CVS (Cluster Validation Suite)

Multi-node cluster validation - RCCL, IB perf, distributed training

Reference Architecture Journey#

The architectures are organized as a progressive journey from hardware intake to production AI workloads:

Phase 1: Hardware Foundation#

Reference

Description

Status

GPU Server Intake & Validation

Kubernetes-based workflow for receiving, validating, and releasing GPU servers to production

🚧 In Progress

Bare Metal Provisioning with MAAS

Automate GPU node provisioning with MAAS + Cluster API

🚧 Upcoming

The GPU Server Intake & Validation reference architecture covers the Kubernetes-based validation workflow:

  • Part 1: Validation Cluster Setup - GPU/Network operators deployment, health check gates, burn-in testing

  • Part 2: Release Decision - AGFHC test results, pass/fail handling, node relabeling

  • Part 3: Production Handoff - Cluster migration, continuous monitoring, auto-remediation

Note: Physical intake (rack, cable, power) and OS provisioning are assumed to be handled by existing customer processes. A future MAAS-based provisioning reference is planned separately.
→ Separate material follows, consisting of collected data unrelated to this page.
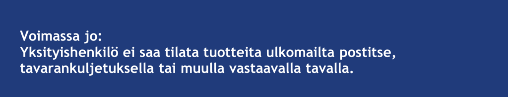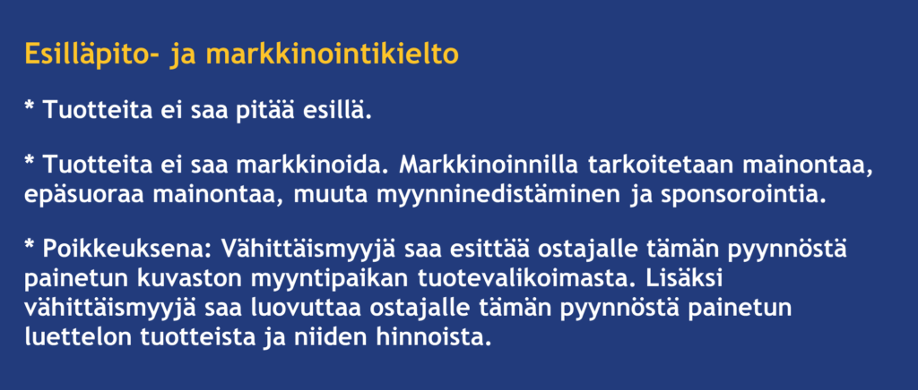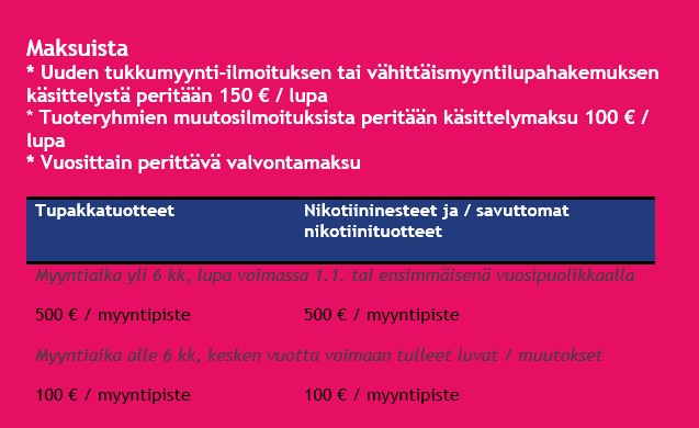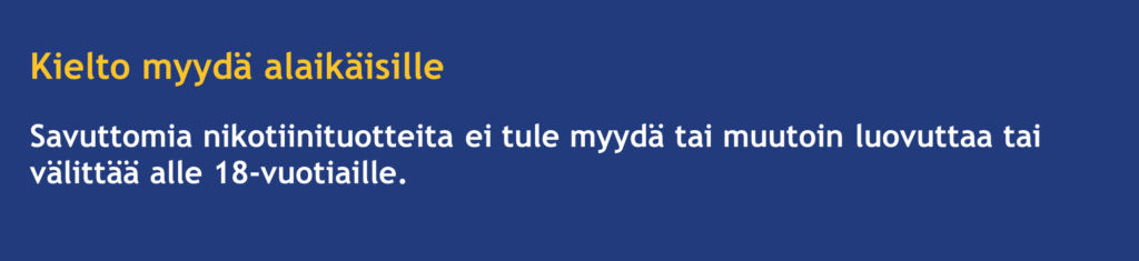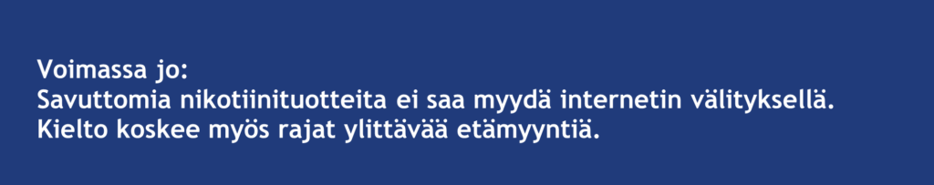 Savuttomien nikotiinituotteiden myynti on vaatinut voimassa olevan tupakkatuotteiden vähittäismyyntiluvan. Ilman vähittäismyyntilupaa, savuttomien nikotiinituotteiden myynti ei ole sallittua.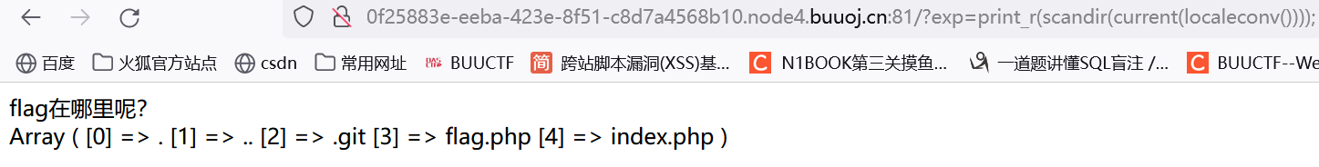payload: exp=print_r(scandir(current(localeconv())));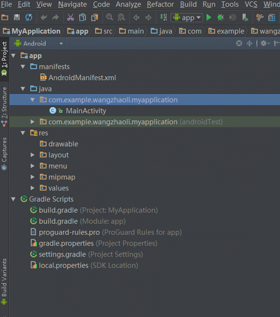 2、上述目录中将java代码和资源文件(图片、布局文件等)全部归结为src,在src目录下有一个main的分组,同时划分出java和res两个文件夹,java文件夹则相当于Eclipse下的src文件夹,res目录结构则一样.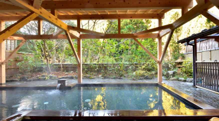 Visitors can enjoy a traditional Japanese hot-spring experience while surrounded by nature.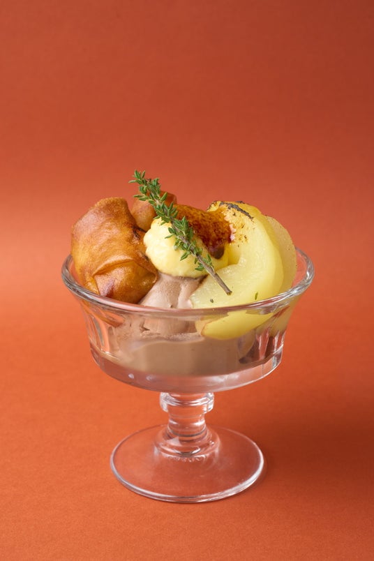 チョコレートとキャラメリゼ林檎のミニパフェ温かい揚げチョコと濃厚チョコレートアイスに、甘酸っぱい自家製コンポートりんごとカスタードを合わせ、キャラメリゼで仕上げたミニパフェ。

Phase 2: GPU Lifecycle Management#

Reference

Description

Status

Day-2 GPU Lifecycle Management

Continuous health checks in production clusters using CVS workflows

🚧 Upcoming

GPU Auto-Remediation with Argo Workflows

Automated detection, isolation, and recovery of unhealthy GPUs

🚧 Upcoming

Phase 3: Network Infrastructure#

Reference

Description

Status

AMD GPU + AINIC Co-deployment

Deploy GPU and Network operators together for high-performance AI training

🚧 Upcoming

RDMA Networking for Distributed Training

Configure Multus, SR-IOV, and RDMA for GPU-to-GPU communication

🚧 Upcoming

Phase 4: AI/ML Workloads#

Reference

Description

Status

RCCL Testing Reference Architecture

Validate collective communication performance across GPU clusters

🚧 Upcoming

Distributed PyTorch Training with RDMA

End-to-end distributed training with optimized networking

🚧 Upcoming

MLOps Pipeline with Network-Optimized Training

Production ML pipelines leveraging AMD hardware acceleration

🚧 Upcoming

Target Audience#

  • Infrastructure Engineers: Building GPU-accelerated Kubernetes platforms

  • Platform Engineers: Operating and scaling AI/ML infrastructure

  • Site Reliability Engineers: Ensuring availability and performance of GPU clusters

  • DevOps Teams: Automating hardware lifecycle and workload deployment

  • Data Center Operators: Qualifying and onboarding AMD hardware at scale

Common Prerequisites#

Before using these reference architectures, ensure your environment meets these requirements:

Requirement

Specification

Kubernetes

v1.29+

Operating System

Ubuntu 22.04 LTS or Ubuntu 24.04 LTS

Container Runtime

containerd with GPU support

GPU Hardware

AMD Instinct™ MI300X, MI325X, MI350X, or MI355X

NIC Hardware

AMD Pensando Pollara AINIC (for network architectures)

Tools

Helm v3.2+, kubectl, ROCm 6.0+